August 1994: Acquisition by DLJ Merchant Banking Partners and Name Change

In August 1994, DLJ Merchant Banking Partners acquired 70% of the company in a leveraged buyout for $75.5 million, including a $10.5 million investment by DLJ. Following this, the company changed its name to Total Renal Care Holdings, Inc.

October 1995: Initial Public Offering

In October 1995, the company became a public company through an initial public offering (IPO), raising $107 million.

1995: Stock value increasing

Between 1995 and 1998, the company's stock value tripled.

December 1996: DLJ Investment Return

By December 1996, DLJ had realized a 386% return on its initial $10.5 million investment in the company.

February 27, 1998: Acquisition of Renal Treatment Centers

On February 27, 1998, the company acquired Renal Treatment Centers for $1.3 billion in stock.

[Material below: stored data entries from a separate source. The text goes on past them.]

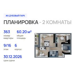 Продаётся 2-комнатная квартира в строящемся доме (Позиция 2), срок сдачи: IV-кв. 2026, общей площадью 60.2 кв.м., на 9 этаже. ЖК "Дубовый парк" расположен в микрорайоне "Нагорный", всего в нескольких шагах от парка "Сосновая роща" и в непосредственной близости от центральных артерий города. Комплекс представляет собой уникальное архитектурное решение, вдохновлённое традицией марийского костюма.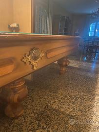 Biliardo MBM modello M21 in ottime condizioni ,completo di stecche, porta stecche, bilie da gioco da 8/15, italiana e boccette, gessetti, lampadario, panno copri biliardo e guanti. Misure 316 x 176x78.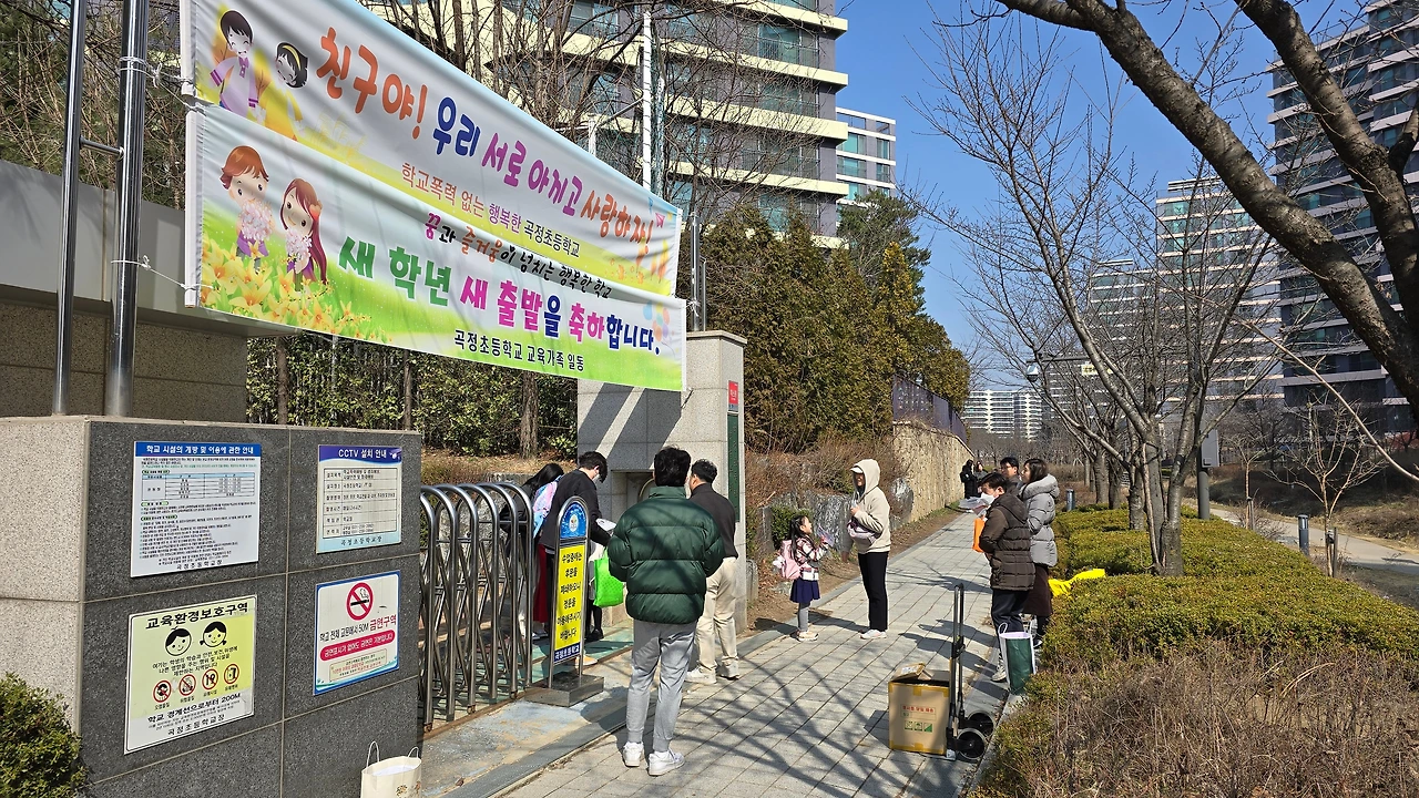 갓 입학한 초등학교 학생들이 밝은 모습으로 부모의 손을 잡고 학교를 나서고 있다.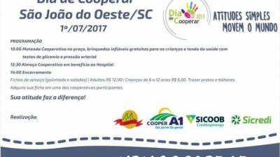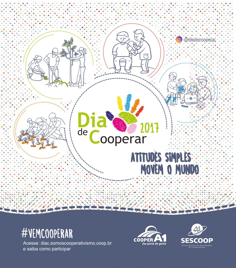 “Atitudes simples movem o mundo”. O slogan do Dia de Cooperar 2017, conhecido como “Dia C” motivou a Cooper A1 a programar ações e projetos sociais em comemoração ao Dia Internacional do Cooperativismo. A data é celebrada mundialmente neste sábado, dia 1º de julho. Com as ações, a cooperativa passa a integrar uma grande corrente nacional do bem, quando cooperativas de diferentes ramos, organizadas pelo Serviço Nacional de Aprendizagem do Cooperativismo (Sescoop) promovem milhares de ações voluntárias em benefícios das comunidades onde estão inseridas.
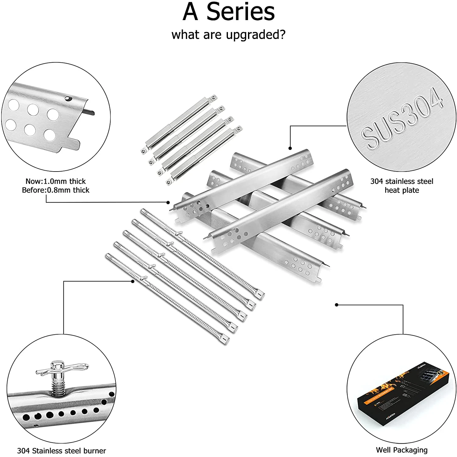 - Package: Repair kit includes 5 x grill burners, 5 x heat plates, 4 x adjustable crossover tube, 1x instruction.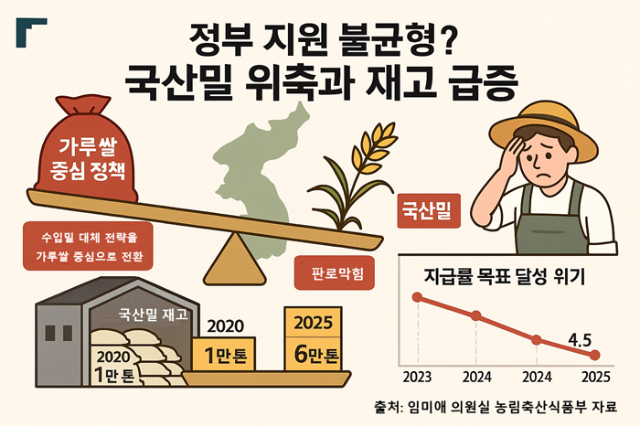 농식품부는 전략작물 소비 확대를 위해 ‘제품화 패키지 지원사업’을 운영 중이다. 그러나 국산밀에는 자부담 비율 50%(개소당 3억 원)를 적용한 반면, 가루쌀에는 20%(개소당 2억 원)만 부담하도록 해 편중 지원 논란이 일고 있다. 그 결과 농심·오뚜기·삼양·CJ푸드빌·SPC·신세계·파리크라상 등 대기업들이 가루쌀 사업에 대거 참여한 반면, 국산밀 사업은 영세 중소업체 위주로 제한됐다.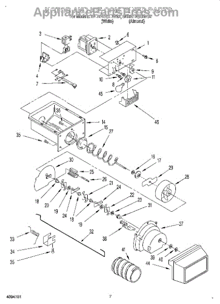 Parts for Whirlpool 8ED27DQXDN02: 05 - Motor And Ice Container Parts

1998: Stock value increasing

Between 1995 and 1998, the company's stock value tripled.

July 1999: CEO and CFO Resignation

In July 1999, the CEO and CFO of the company resigned after a poor integration. By July 1999, the stock price was down 71% year-to-date.

October 1999: Kent J. Thiry Named CEO

In October 1999, Kent J. Thiry, then 43 years old, was appointed as the new CEO of the company.

October 2000: Company Renamed DaVita Inc.

In October 2000, the company underwent a rebranding and was renamed DaVita Inc.

2000: Sale of Non-U.S. Operations

In 2000, the company divested its operations outside of the United States.

October 2005: Acquisition of Gambro Healthcare

In October 2005, DaVita Inc. expanded its operations by acquiring Gambro Healthcare.

2012: Acquisition of Healthcare Partners

In 2012, DaVita acquired Healthcare Partners for $4.42 billion, expanding its healthcare services.

October 2014: Settlement for Illegal Kickbacks

In October 2014, DaVita agreed to pay $350 million to settle claims related to providing illegal kickbacks to doctors.

2014: Acquisition of Colorado Springs Health Partners

In 2014, DaVita acquired Colorado Springs Health Partners, which had 600 employees and 110,000 patients, increasing its patient base and workforce.

June 2015: Settlement for Improper Drug Disposal

In June 2015, DaVita agreed to pay $450 million to resolve allegations of unnecessarily disposing of drugs and subsequently billing the U.S. federal government for the waste.

March 2016: Acquisition of The Everett Clinic Medical Group

In March 2016, DaVita acquired The Everett Clinic Medical Group, a 20-site physicians practice with 315,000 patients in the Seattle area, for $385 million.

September 2016: Healthcare Partners Renamed DaVita Medical Group

In September 2016, Healthcare Partners was renamed DaVita Medical Group, consolidating the brand identity.

May 2017: Acquisition of WellHealth Quality Care

In May 2017, DaVita further expanded its healthcare portfolio by acquiring WellHealth Quality Care.

June 2018: Wrongful Death Claims Award

In June 2018, a jury awarded the families of three DaVita patients $383 million in wrongful death claims after the patients died from cardiac arrest following treatment at DaVita centers.

October 2018: Settlement for False Claims Act Violations

In October 2018, DaVita agreed to pay $270 million to settle allegations of violating the False Claims Act by providing inaccurate information that caused Medicare Advantage Plans to receive inflated payments. James Swoben, a whistleblower, received $10 million.

June 2019: Sale of DaVita Medical Group to Optum

In June 2019, DaVita sold its DaVita Medical Group division to UnitedHealth Group's Optum division for $4.3 billion.

July 2021: Indictment for Labor Market Collusion

In July 2021, DaVita and former CEO Kent Thiry were indicted by a federal grand jury on charges of labor market collusion, specifically conspiring with Surgical Care Affiliates to suppress competition for senior-level employees.

April 2022: Acquittal in Labor Market Collusion Case

In April 2022, DaVita and former CEO Kent Thiry were acquitted by a jury on charges of labor market collusion.

2023: Revenue and Patient Coverage

In 2023, DaVita's revenue was largely derived from Medicare and other government-based health insurance programs (67%), while these programs covered 89% of the company's patients. Commercial payers, contributing 33% of revenue in 2023, accounted for nearly all of the company's profit because they reimburse at a much higher rate.